Notice of Pre-AIA or AIA Status
The present application, filed on or after March 16, 2013, is being examined under the first inventor to file provisions of the AIA .
DETAILED ACTION
The claim set filed 10/27/2023 is acknowledged.
Claims 5-6 and 9-18 are withdrawn by the examiner as being improper multi-dependent claims.
Claims 1-4, 7-8, and 19-20 will be examined on the merits herein.
Specification
The use of the term Adcetris p.56 line 13, which is a trade name or a mark used in commerce, has been noted in this application. The term should be accompanied by the generic terminology; furthermore, the term should be capitalized wherever it appears or, where appropriate, include a proper symbol indicating use in commerce such as ™, SM , or ® following the term.
Although the use of trade names and marks used in commerce (i.e., trademarks, service marks, certification marks, and collective marks) are permissible in patent applications, the proprietary nature of the marks should be respected and every effort made to prevent their use in any manner which might adversely affect their validity as commercial marks.
It should be noted that the cited occurrences of improper use are only exemplary and Applicant should review the entire specification to correct any other improper use of trademarks.
Claim Objections
Claim 2 is objected to for referring to a cytotoxic which is an adjective not a noun. The objection can be overcome by referring to a cytotoxic agent. In the interest of compact prosecution, the examiner will interpret claim 2 as referring to a cytotoxic agent.
Claim 3 is objected to because the first letter “A” is capitalized in each of the steps a)-c). This is not the beginning of a sentence and therefor it should not be capitalized. Claim 3 is also objected to because the preamble recites “A polynucleotide selected in the group” which would be clearer written as “A polynucleotide selected from the group”.
Claims 5-6 are objected to under 37 CFR 1.75(c) as being in improper form because a multiple dependent claim should refer to other claims in the alternative only. See MPEP § 608.01(n). Accordingly, the claims have not been further treated on the merits.
Claims 9-18 are objected to under 37 CFR 1.75(c) as being in improper form because a multiple dependent claim cannot depend from any other multiple dependent claim. See MPEP § 608.01(n). Accordingly, the claims have not been further treated on the merits.

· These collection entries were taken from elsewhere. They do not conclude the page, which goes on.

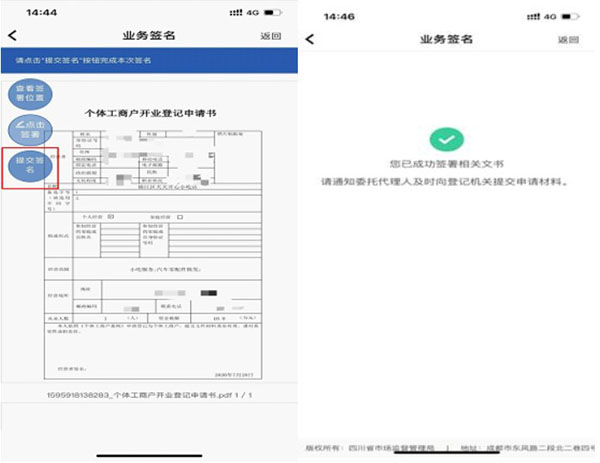 8、所有相关人员签名完成后,在个体开办页面“我的业务”中找到申请件,确认显示签名完毕后,点击“提交申请”,完成申办。
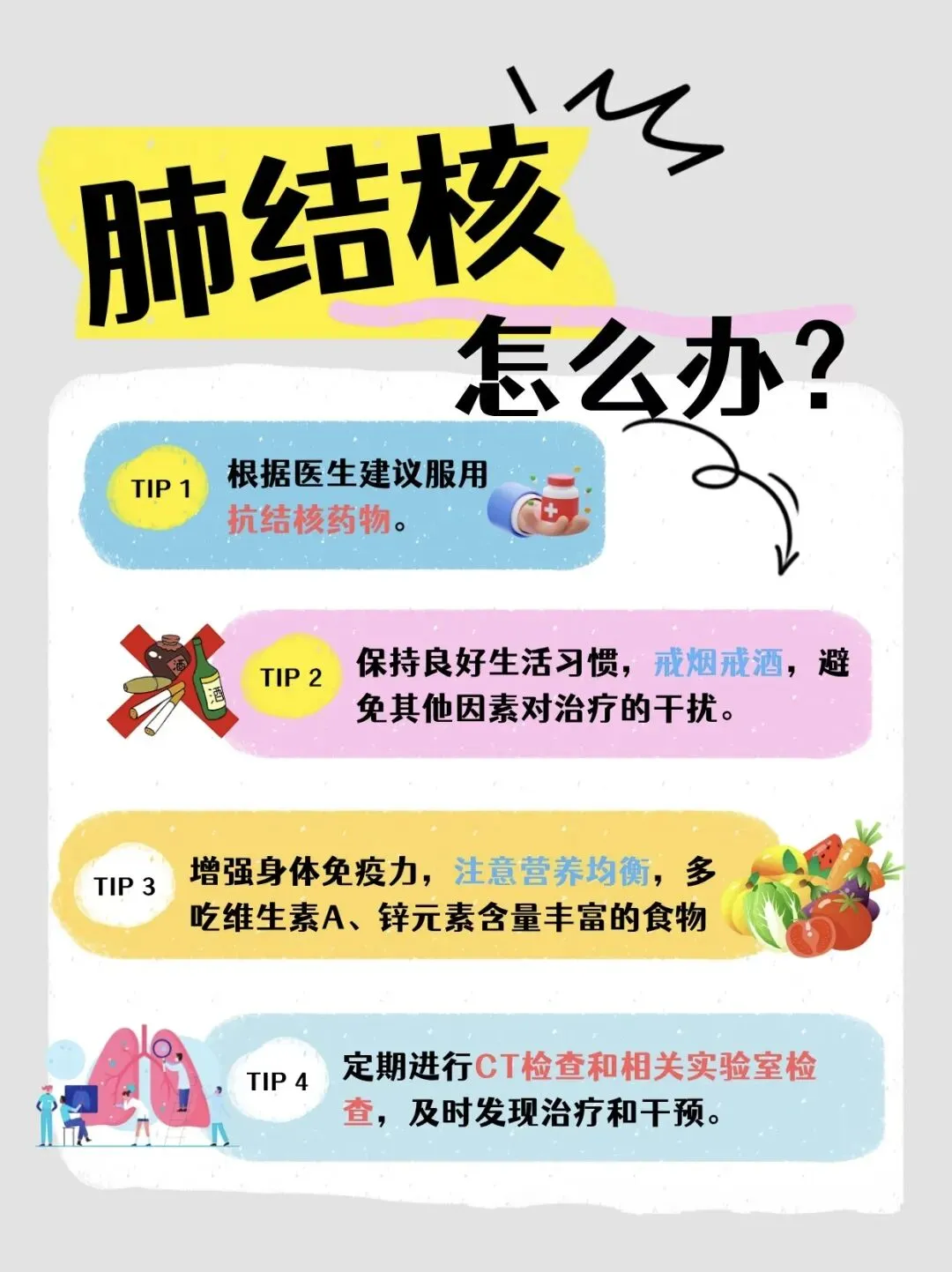 五、严禁吸烟,因烟雾进入肺内能直接引起肺损伤,降低肺脏防御功能,并导致呼吸道感染。影响肺结核的治愈,使病程迁延。
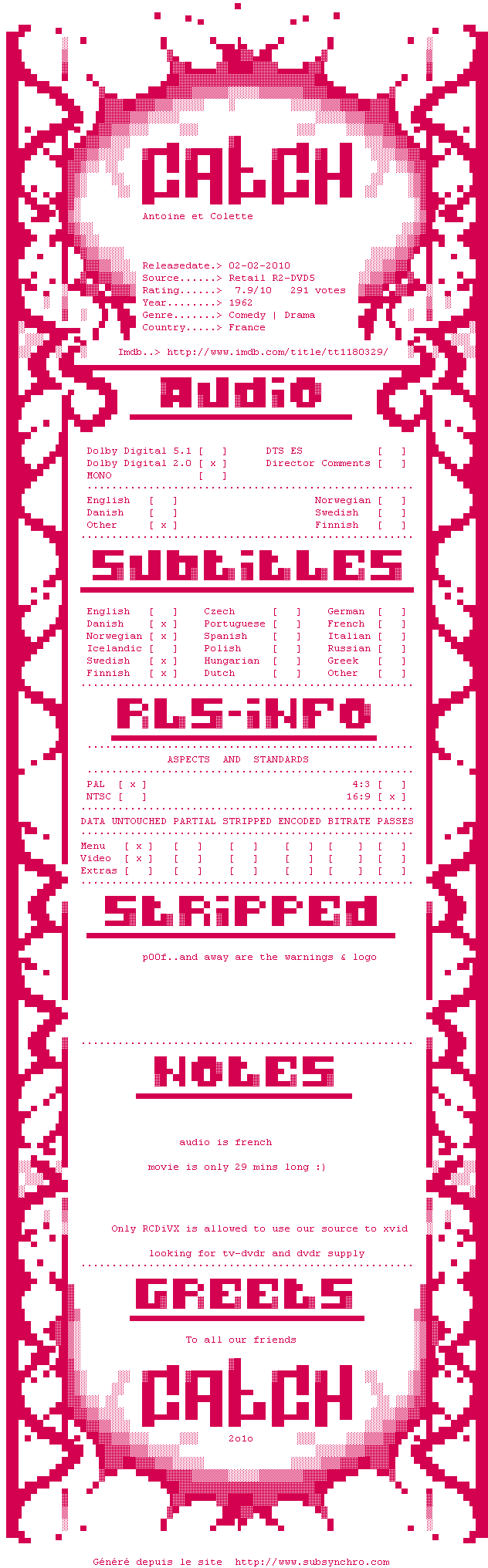 Voir le nfo de la release Antoine.Et.Colette.1962.NORDiC.PAL.DVDR-CATCH
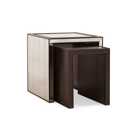 Набор из двух приставных столиков. Верхний столик отделан античным зеркалом, нижний столик выполнен в отделке Fumee Noire. Данная позиция возможна только под заказ.

Claim Rejections - 35 USC § 112(b)
The following is a quotation of 35 U.S.C. 112(b):
(b) CONCLUSION.—The specification shall conclude with one or more claims particularly pointing out and distinctly claiming the subject matter which the inventor or a joint inventor regards as the invention.
The following is a quotation of 35 U.S.C. 112 (pre-AIA ), second paragraph:
The specification shall conclude with one or more claims particularly pointing out and distinctly claiming the subject matter which the applicant regards as his invention.

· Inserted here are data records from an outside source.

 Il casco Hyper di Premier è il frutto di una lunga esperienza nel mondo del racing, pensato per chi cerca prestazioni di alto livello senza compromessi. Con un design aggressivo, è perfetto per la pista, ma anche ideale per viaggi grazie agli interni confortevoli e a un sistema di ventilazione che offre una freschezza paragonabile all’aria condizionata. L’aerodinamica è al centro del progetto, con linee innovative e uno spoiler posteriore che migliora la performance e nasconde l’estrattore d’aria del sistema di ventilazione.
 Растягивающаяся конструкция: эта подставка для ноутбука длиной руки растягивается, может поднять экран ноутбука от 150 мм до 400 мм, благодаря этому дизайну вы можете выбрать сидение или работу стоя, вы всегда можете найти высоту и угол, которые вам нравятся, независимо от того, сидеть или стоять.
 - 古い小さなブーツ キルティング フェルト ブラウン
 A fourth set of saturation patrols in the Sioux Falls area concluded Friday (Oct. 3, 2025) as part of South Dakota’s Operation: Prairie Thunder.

Claims 8 is rejected under 35 U.S.C. 112(b) or 35 U.S.C. 112 (pre-AIA ), second paragraph, as being indefinite for failing to particularly point out and distinctly claim the subject matter which the inventor or a joint inventor (or for applications subject to pre-AIA 35 U.S.C. 112, the applicant), regards as the invention.
Claims 8 is indefinite because it used exemplary language. The claim uses the terms preferably and more preferably, it is unclear if these are limitations. Preferred embodiments should be detailed in the specification, not the claims.
Claim Rejections - 35 USC § 103
The following is a quotation of 35 U.S.C. 103 which forms the basis for all obviousness rejections set forth in this Office action:
A patent for a claimed invention may not be obtained, notwithstanding that the claimed invention is not identically disclosed as set forth in section 102, if the differences between the claimed invention and the prior art are such that the claimed invention as a whole would have been obvious before the effective filing date of the claimed invention to a person having ordinary skill in the art to which the claimed invention pertains. Patentability shall not be negated by the manner in which the invention was made.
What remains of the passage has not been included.